In the pre-op room, my wife was given
a scalene block for a brief procedure.
She had shoulder surgery three months back,

and now again they’ll anesthetize her
to break up scars that have kept her in pain.
She’ll be comatose, however briefly.

I remembered right off how one’s love can seldom
appear so precious as she does on a gurney.
I feel what I felt on watching her labor,

giving birth, for instance; but I won’t be on hand
for this episode. I sit in the lobby,
alone but for a fellow old man

in a black cowboy hat, who’s waiting like me
for a wife to come to. He plunges his fingers
into her purse, and digs around

inside– in search of what, I wonder?
I can’t decode his half-audible mumbles
or his face’s expression.
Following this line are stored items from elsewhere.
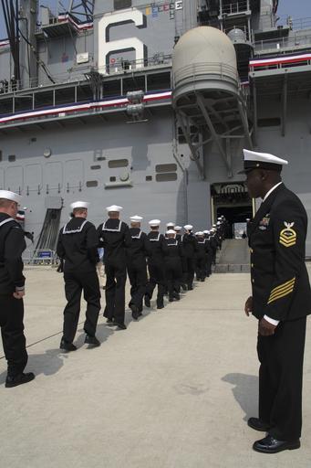 | Keywords: Flickr - Official U.S. Navy Imagery - Sailors run to man the ship..jpg SASEBO Japan April 23 2012 Sailors run to man the ship during an exchange of command ceremony between the amphibious assault ships USS Bonhomme Richard LHD 6 and USS Essex LHD 2 Bonhomme Richard is replacing Essex as the Navy's only full-time forward deployed large deck amphibious ship U S Navy photo by Senior Chief Mass Communication Specialist Joe Kane/Released 120423-N-ZC343-976 Join the conversation http //www facebook com/USNavy www facebook com/USNavy http //www twitter com/USNavy www twitter com/USNavy http //navylive dodlive mil navylive dodlive mil http //www flickr com/photos/usnavy/7113463407/ Sailors run to man the ship 2012-04-23 14 20 http //www flickr com/people/56594044 N06 Official Navy Page from United States of America MCCS Joe Kane/U S Navy U S Navy photo PD-USGov-Military-Navy Official U S Navy Imagery http //flickr com/photos/56594044 N06/7113463407 2012-11-13 17 55 09 cc-by-2 0 Images from United States Navy to check Photographs by Joseph Kane |
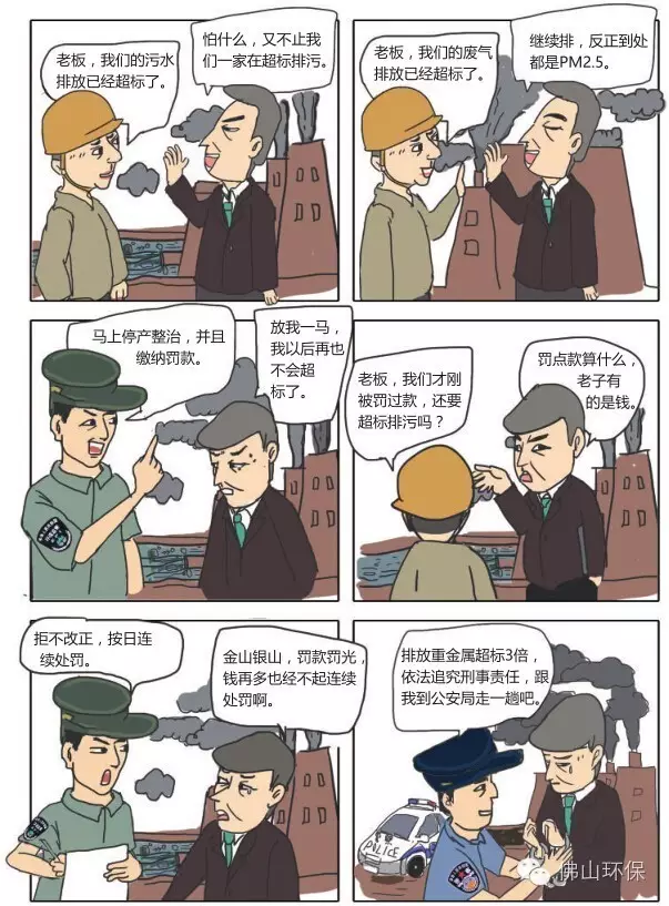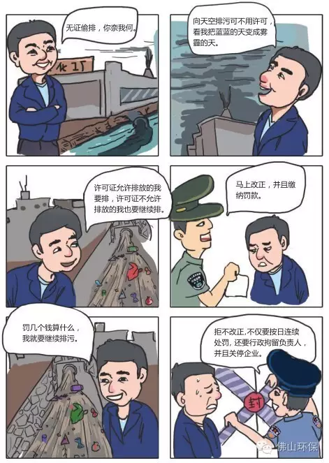 2016年5月-10月,佛山環保全面梳理了現行環保法律法規中與企業最密切相關、最常見的違法行為,整理歸納了對應的懲處措施和法律責任,運用通俗的語言、生動的圖畫,推出了【企業環保法律風險及其防范】系列微信
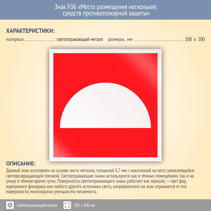 Знак F06 «Место размещения нескольких средств противопожарной защиты» (светоотражающий металл, 200х200 мм) в Волгограде купить
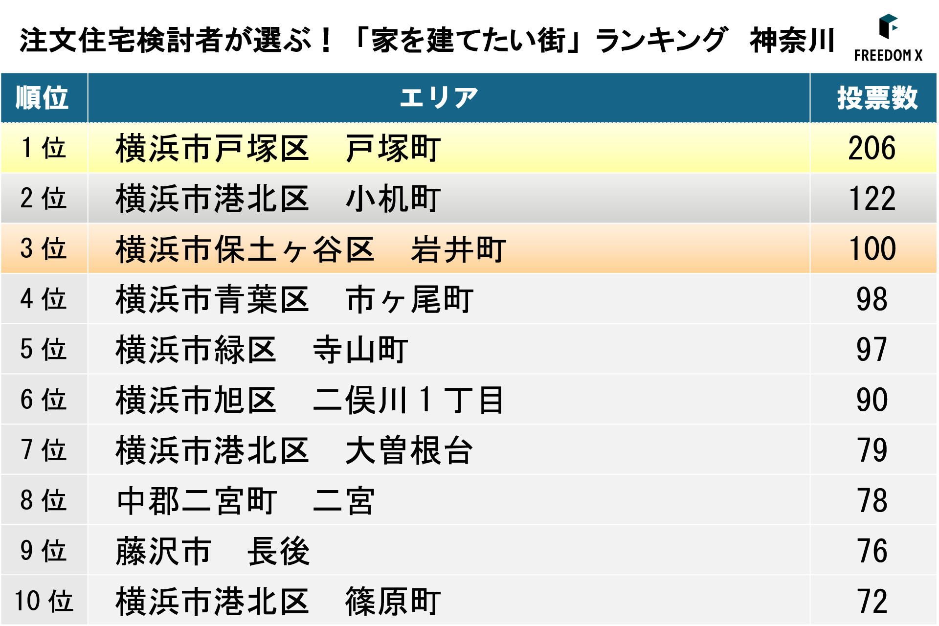 注文住宅検討者に人気の神奈川県内では、横浜市内でもこの三拍子がそろったエリアが上位にランクインしました。
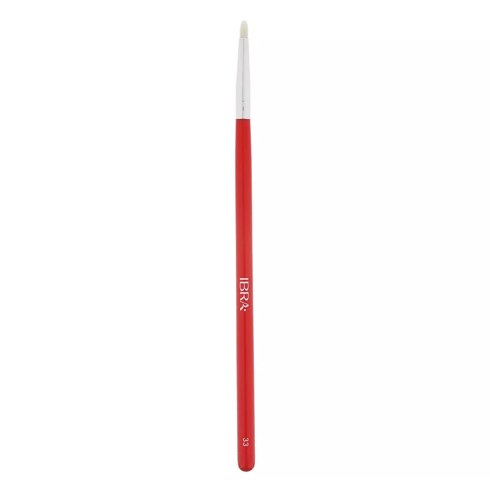 Ibra Pędzel do cieni 33 to malutki pędzelek w kształcie stożka, wykonany z naturalnego, wyjątkowo miękkiego włosa kozy. Jest idealny do precyzyjnej aplikacji cieni i pigmentów, zwłaszcza w trudno dostępnych miejscach, takich jak wewnętrzny kącik oka. Doskonale sprawdza się również podczas dopracowywania detali, rozcierania cieni przy linii rzęs oraz na dolnej powiece.
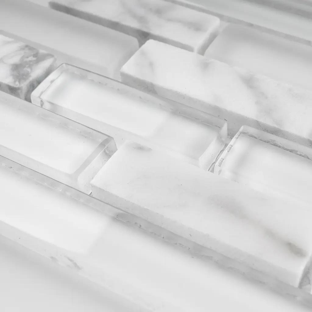 Tilegen. Random Sized Brick Marble Mix Glass Mosaic Tile In White Wall Tile (10 Sheets/9.6sqft.) - Sample
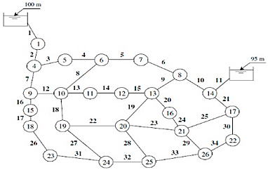 The pipe network analyzed inthis workis called Two-Source, and it is consisted of 34 pipes, 26 nodes and two water reservoirswith elevations(altitutes) of 95 and 100 m asdepicted in figure 3. The HW coeficient is set to 130 and the associated roughness in the Colebrook correlation is assumed to be 0.25mm or 0.50mm considering cast iron [21]. Nodal demands, minimun nodal heads () andpipe lengthsare presented in table 1,while diameters with associated costs to be considered in the network design arein table 2.
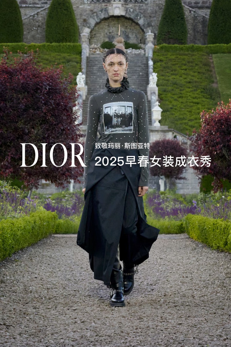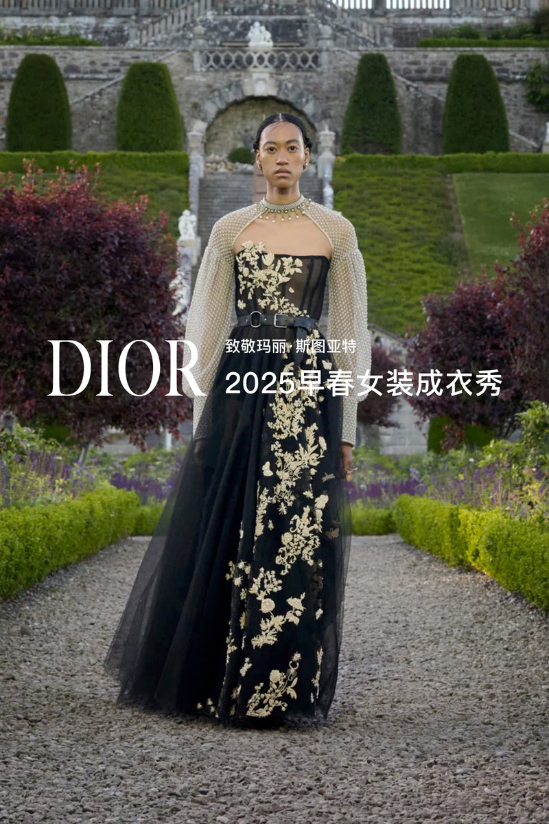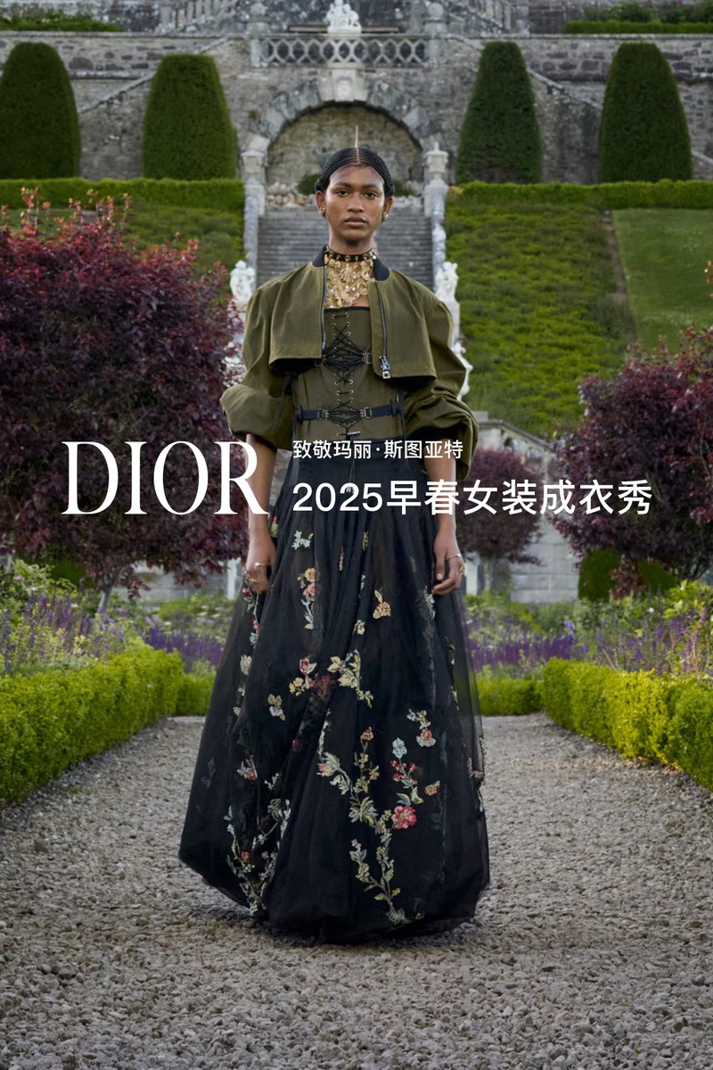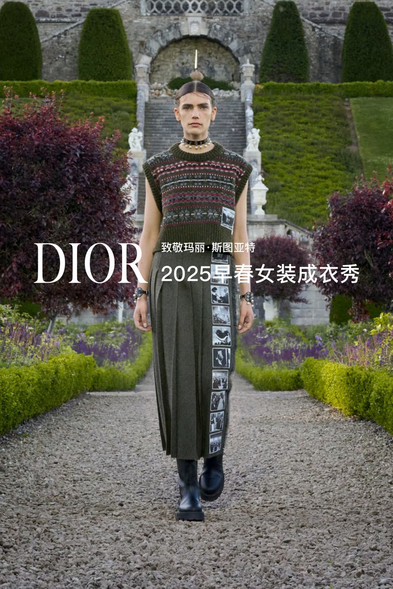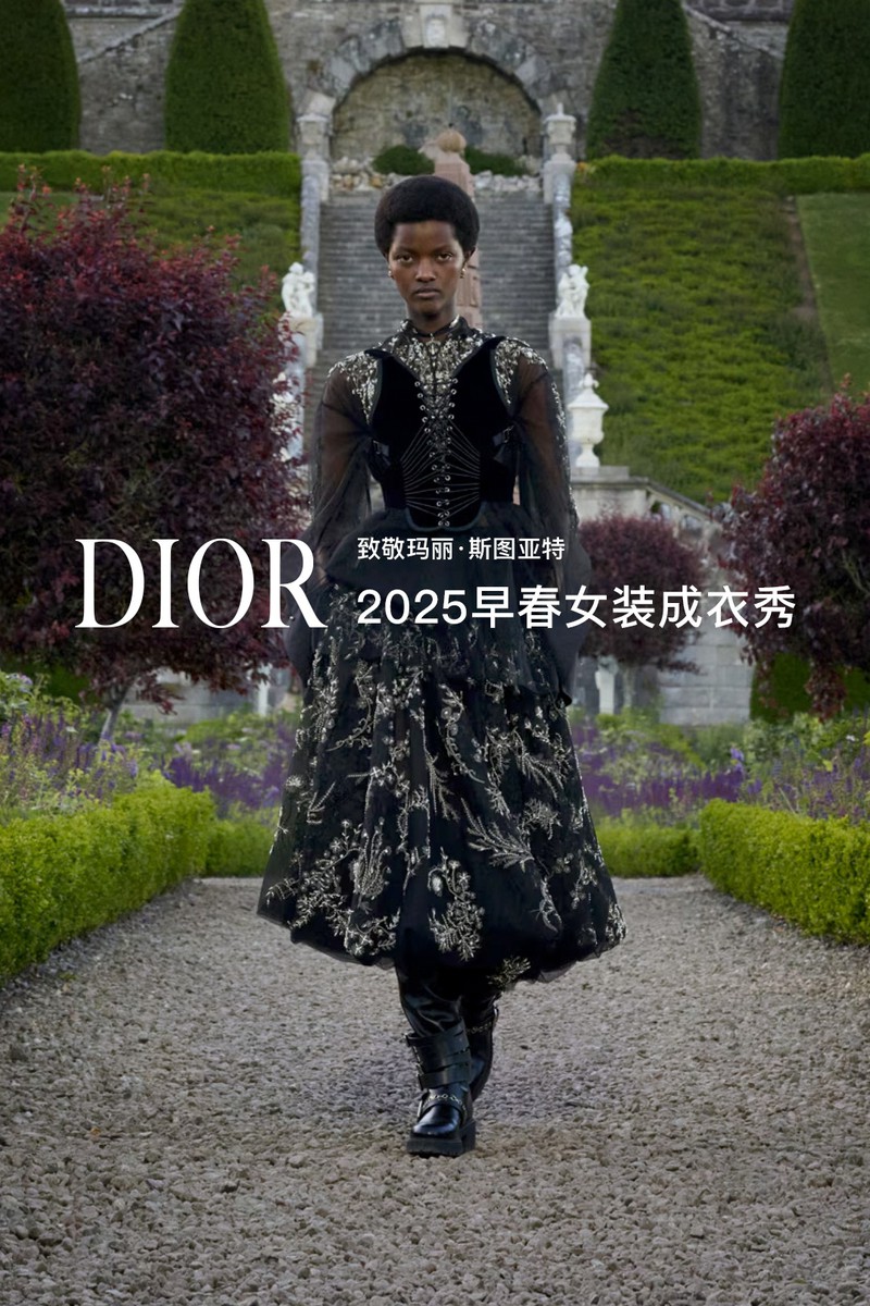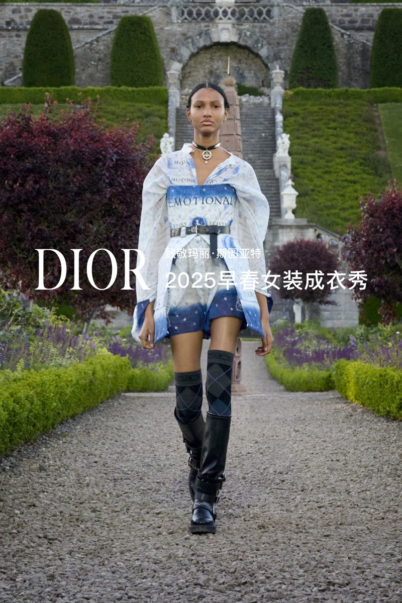 DIOR 2025早春女装成衣秀。全新系列采用苏格兰特有的纹章刺绣工艺打造全新万千繁花(MILLEFLEURS)图案,并以独角兽与蓟花等苏格兰象征符号,呈献这一精湛卓绝的技艺语言。作为本季系列的灵感来源地,手绘的苏格兰地图映现于多款造型之上,以地域版图生动勾勒出合作对话与文化交流,致敬了苏格兰格呢这一重要面料。

On the trip here from home

we hit black ice on a busy road
in this busy small town. My pickup spun
on the slick in what passes for rush hour here.

The fact we weren’t hurt defies all reason.
Like grace. The man keeps probing, and I
keep wondering why. His look’s still deadpan.

I know very well what it is to divert
one’s thoughts from hurtful or frightening matters,
to seek what can lift us out of the world

when it threatens to tear itself into tatters.
How on earth can love torture us so?
Its pain seems deepened by the length of its years.

An ambulance siren winds down outside.
I’ve been reading to keep myself busy but now
I look up to find my cowpoke in tears.